Envoys in Egypt visit jailed Muslim Brotherhood leader, claim reports

Cairo: Western and Arab envoys visited a high-ranking member of Egypt's Muslim Brotherhood in jail on Monday, the state news agency reported, to press an international bid to defuse the crisis ignited by President Mohamed Morsi's downfall.

The envoys met deputy Brotherhood leader Khairat El-Shater just after midnight, having received permission from the prosecutor general to visit him at Tora prison, south of Cairo, the state news agency MENA reported.

The report citing "an informed source" contradicted an earlier government denial of a visit by the envoys from the United States, European Union, United Arab Emirates and Qatar.

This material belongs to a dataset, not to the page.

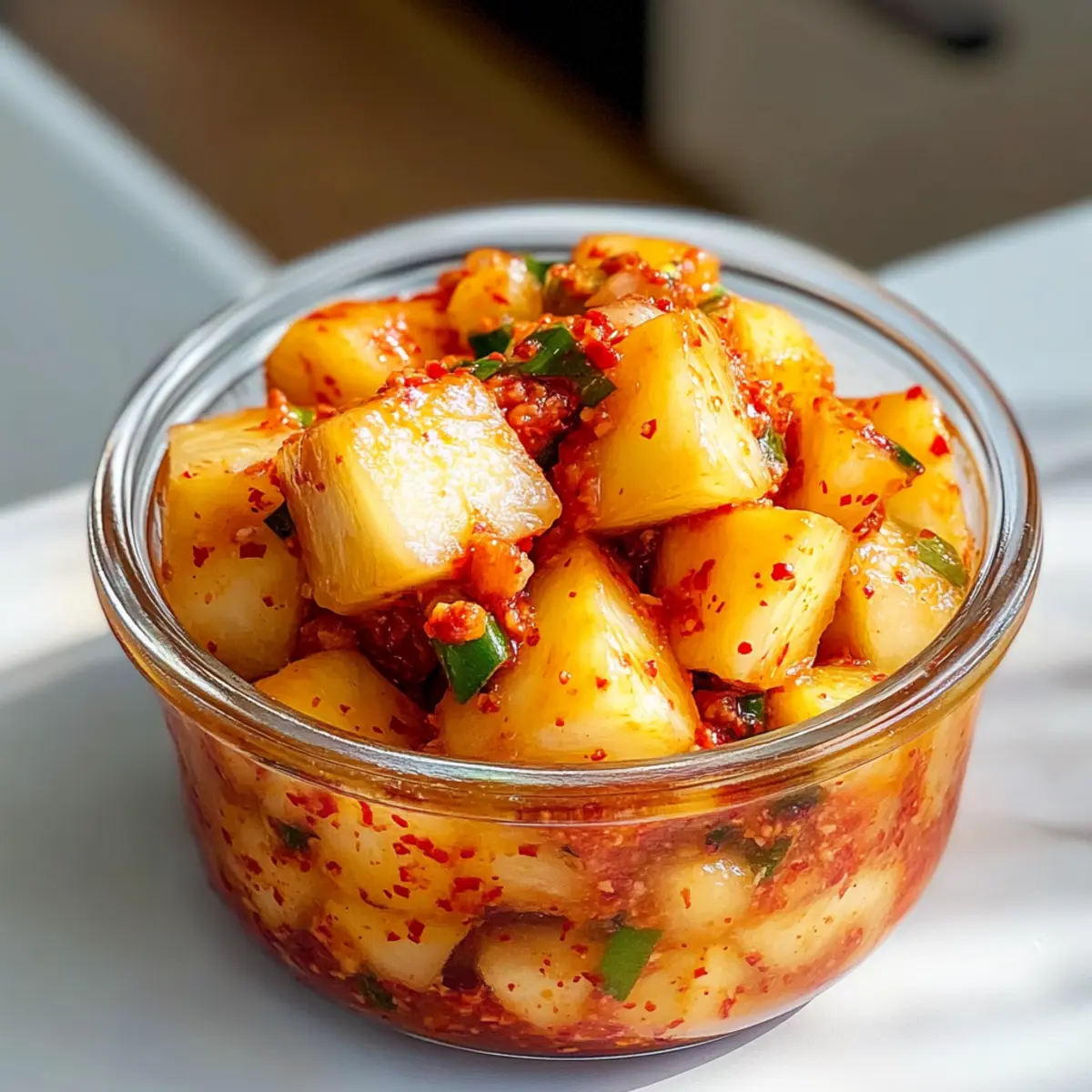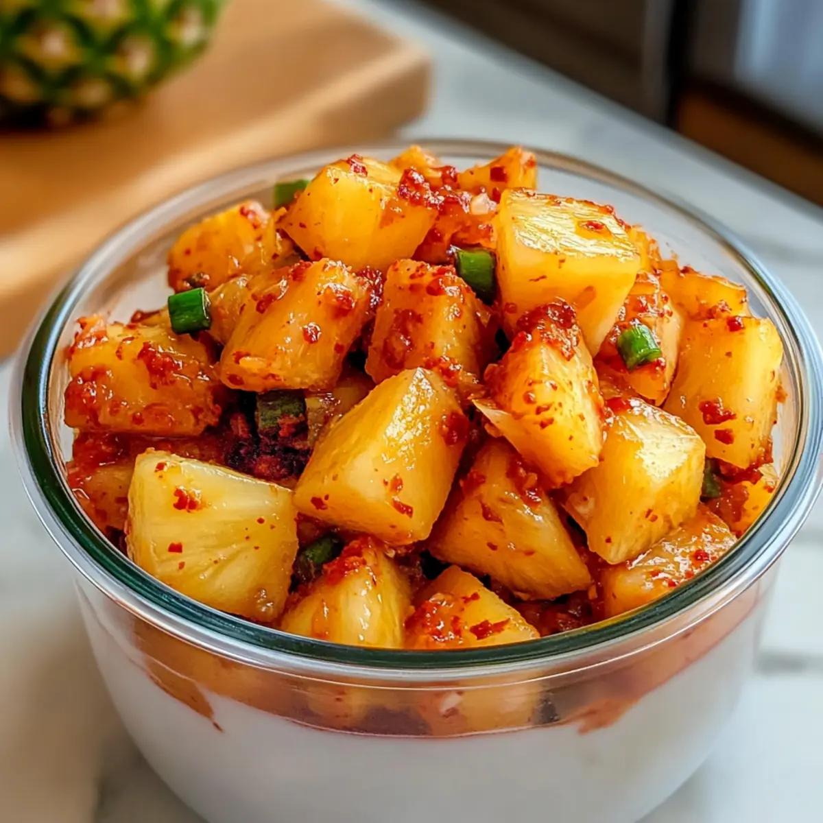 Während ich letzte Woche auf dem Markt stöberte, erblickte ich die strahlenden, saftigen Ananas und konnte der Versuchung nicht widerstehen. Ein Gedanke blitzte auf: Scharfe Ananaskimchi! Diese einfache, vegane und glutenfreie Rezeptur bringt die süße Frische reifer Ananas mit einer perfekten Prise Würze zusammen – ein wahres Geschmackserlebnis, das selbst eingefleischte Kimchi-Neulinge begeistern wird. Die Zubereitung benötigt kaum Zeit, und das Ergebnis ist nicht nur ein echter Gaumenschmaus, sondern auch eine gesunde Bereicherung für jede Mahlzeit. Egal, ob du es zu gebratenem Reis servierst oder als Auflage für dein nächstes Sandwich verwendest – dieses Kimchi wird deine Geschmacksknospen zum Tanzen bringen! Bist du bereit, deiner Küche einen Hauch von Asien zu verleihen? Warum solltest du Scharfe Ananaskimchi lieben? Einfachheit: Die Zubereitung ist kinderleicht und benötigt nur wenige Zutaten, die du wahrscheinlich schon zu Hause hast. Frische und Geschmack: Die Kombination aus saftiger Ananas und würzigen Aromen wird deine Sinne verzaubern. Gesund und nahrhaft: Diese vegane und glutenfreie Variante ist nicht nur lecker, sondern fördert auch die Gesundheit durch ihren hohen Gehalt an Probiotika. Vielfältige Einsatzmöglichkeiten: Verwende das Kimchi als Topping für Salate, in Wraps oder einfach als Beilage zu deinen Lieblingsgerichten für einen asiatischen Twist! Zeitersparnis: In weniger als 30 Minuten ist deine Marinade vorbereitet und das Fermentieren geschieht ganz von selbst. Familienfreundlich: Dieses Scharfe Ananaskimchi wird sowohl Kinder als auch Erwachsene beeindrucken – eine köstliche Möglichkeit, deine Familie für gesunde Ernährung zu begeistern! Mach dich bereit, deine Küche mit diesem aufregenden Rezept zu beleben und entdecke, warum Kimchi ein Muss in jeder modernen Küche ist! Scharfe Ananaskimchi Zutaten • Dieses Rezept für Scharfe Ananaskimchi bringt eine aufregende Kombination aus süß und scharf auf deinen Tisch! Für die Marinade Ananas – sorgt für Süße und Textur; wähle eine reife, aber feste Ananas, damit sie beim Fermentieren nicht matschig wird. Asiatische Birne – fügt natürliche Süße und Feuchtigkeit hinzu; kann auch durch eine andere saftige Frucht wie einen Apfel ersetzt werden. Gochugaru (koreanische Chilipulver) – gibt Hitze und Farbe; passe die Menge an, um den Schärfegrad zu steuern. Fischsauce – sorgt für Umami und tiefen Geschmack; für eine vegetarische Option kann sie durch Sojasauce oder Miso ersetzt werden. Knoblauch – liefert ein aromatisches Aroma; frischer gehackter Knoblauch ist am besten. Zucker – balanciert die Säure und fördert die Fermentation; Honig oder Agavennektar können für eine andere Süße verwendet werden. Ingwer – bringt wärmende Gewürze und Komplexität in den Geschmack; frischer, gehackter Ingwer sind die beste Wahl. Für die Aufbewahrung Luftdichter Behälter – bewahre das fermentierte Kimchi in einem luftdichten Glasbehälter auf, um die Frische zu erhalten und die Aromen zu bewahren. Schritt-für-Schritt-Anleitung für Scharfe Ananaskimchi Step 1: Ananasschneiden Schneide die reife, aber feste Ananas zuerst in Scheiben und dann in 1-Zoll große Würfel. Achte darauf, den harten Kern sowie alle ungenießbaren Teile zu entfernen. Dieser Schritt ist wichtig, um die richtige Textur für deinen Scharfen Ananaskimchi zu erzielen, damit er beim Fermentieren knackig bleibt. Step 2: Marinade zubereiten Gib die gewürfelte asiatische Birne, Gochugaru, Fischsauce, den gehackten Knoblauch, Zucker und den frischen Ingwer in einen Mixer. Mixe alles gut, bis eine glatte Marinade entsteht. Diese Mischung wird dem Kimchi seine köstliche Würze verleihen und die Aromen harmonisch verbinden. Step 3: Kombinieren Lege die Ananaswürfel in ein großes Glas oder einen luftdichten Behälter. Gieße die vorbereitete Marinade über die Ananas und rühre vorsichtig um, bis alle Stücke gleichmäßig bedeckt sind. Es ist wichtig, sicherzustellen, dass jede Ananaswürfeln den Geschmack des Scharfen Ananaskimchi absorbieren. Step 4: Marinieren Decke den Behälter mit einem Deckel oder Frischhaltefolie ab und stelle ihn für mindestens 2 Stunden in den Kühlschrank. Dies ermöglicht den Aromen, in die Ananas einzuziehen und bietet bereits ein erstes Geschmackserlebnis, bevor der Fermentationsprozess beginnt. Step 5: Fermentieren Nimm den Kimchi aus dem Kühlschrank und lasse ihn bei Raumtemperatur stehen, um ihn 1-2 Tage lang fermentieren zu lassen. Überprüfe täglich den Geschmack: Er sollte allmählich sauer und spritzig werden. Dies ist der entscheidende Schritt, um die charakteristische Spritzigkeit des Scharfen Ananaskimchi zu erreichen. Step 6: Aufbewahren Wenn das Kimchi den gewünschten Geschmack erreicht hat, fülle es in ein luftdichtes Glasgefäß um. Bewahre es im Kühlschrank auf, wo es bis zu 3 Wochen frisch bleibt. Mit jeder Woche wird der Geschmack intensiver und noch köstlicher, perfekt für deine nächsten Mahlzeiten! Aufbewahrungstipps für Scharfe Ananaskimchi Kühlschrank: Bewahre dein Scharfe Ananaskimchi in einem luftdichten Glasbehälter im Kühlschrank auf, wo es bis zu 3 Wochen frisch bleibt und die Aromen intensiver werden. Raumtemperatur: Während des Fermentationsprozesses kann Scharfe Ananaskimchi bis zu 1-2 Tage bei Raumtemperatur fermentieren; probiere täglich, um die gewünschte Säure zu erreichen. Verhindern von Verderb: Achte darauf, immer saubere Utensilien zu verwenden, um ungewollte Bakterien zu vermeiden und die Qualität deines Kimchis zu schützen. Wiedererwärmung: Zum Verzehr kannst du das Kimchi direkt aus dem Kühlschrank genießen; wenn du möchtest, kannst du es auch als würzige Beilage zu warmen Gerichten servieren. Was passt gut zu Scharfe Ananaskimchi? Die Kombination von Aromen und Texturen kann dein Essen auf ein neues Level heben und unvergessliche Geschmackserlebnisse schaffen. Gegrilltes Fleisch: Perfekt für die Kombination mit

MENA gave no further details. Earlier, the Doha-based Al Jazeera news channel reported the meeting had taken place. The reports could not be independently confirmed.

Shater is deputy leader of the group that propelled Morsi to office last year in Egypt's first democratic presidential election. Seen as the Brotherhood's main political strategist, he was arrested after Morsi's downfall on charges of inciting violence.

The international mediation effort is helping to contain the conflict between Morsi's Islamist backers and the interim government installed by the military that overthrew him on July 3, following mass protests against his rule.

The army-backed government said on Sunday it would give mediation a chance but warned that time was limited.

Thousands of Morsi supporters remain camped out in two Cairo sit-ins, which the government has declared a threat to national security and pledged to disperse.

The authorities say the Brotherhood has incited violence, accusing it of engaging in terrorism - a charge the movement denies as it grapples with one of the toughest moments in its 85-year history.

The crisis has left Egypt, the Arab world's biggest nation, more dangerously divided than at any point since the downfall of US-backed strongman Hosni Mubarak in 2011 and raised questions over the future of its nascent democracy.

Morsi became Egypt's first freely elected leader in June 2012. But fears that he sought to establish himself as a new dictator coupled with a failure to ease economic hardships afflicting most of its 84 million people led to huge street demonstrations on June 30, triggering the army move.

Court sets date for trial of Shater, others

The military has laid out a plan that could see a new head of state elected in roughly nine months. The Brotherhood, an Islamist movement that spent decades in the shadows before Mubarak's downfall, says it wants nothing to do with the plan.

However, diplomats say the group knows Morsi will not return as president and wants a face-saving legal formula for him to step down that guarantees it a stake in the political future.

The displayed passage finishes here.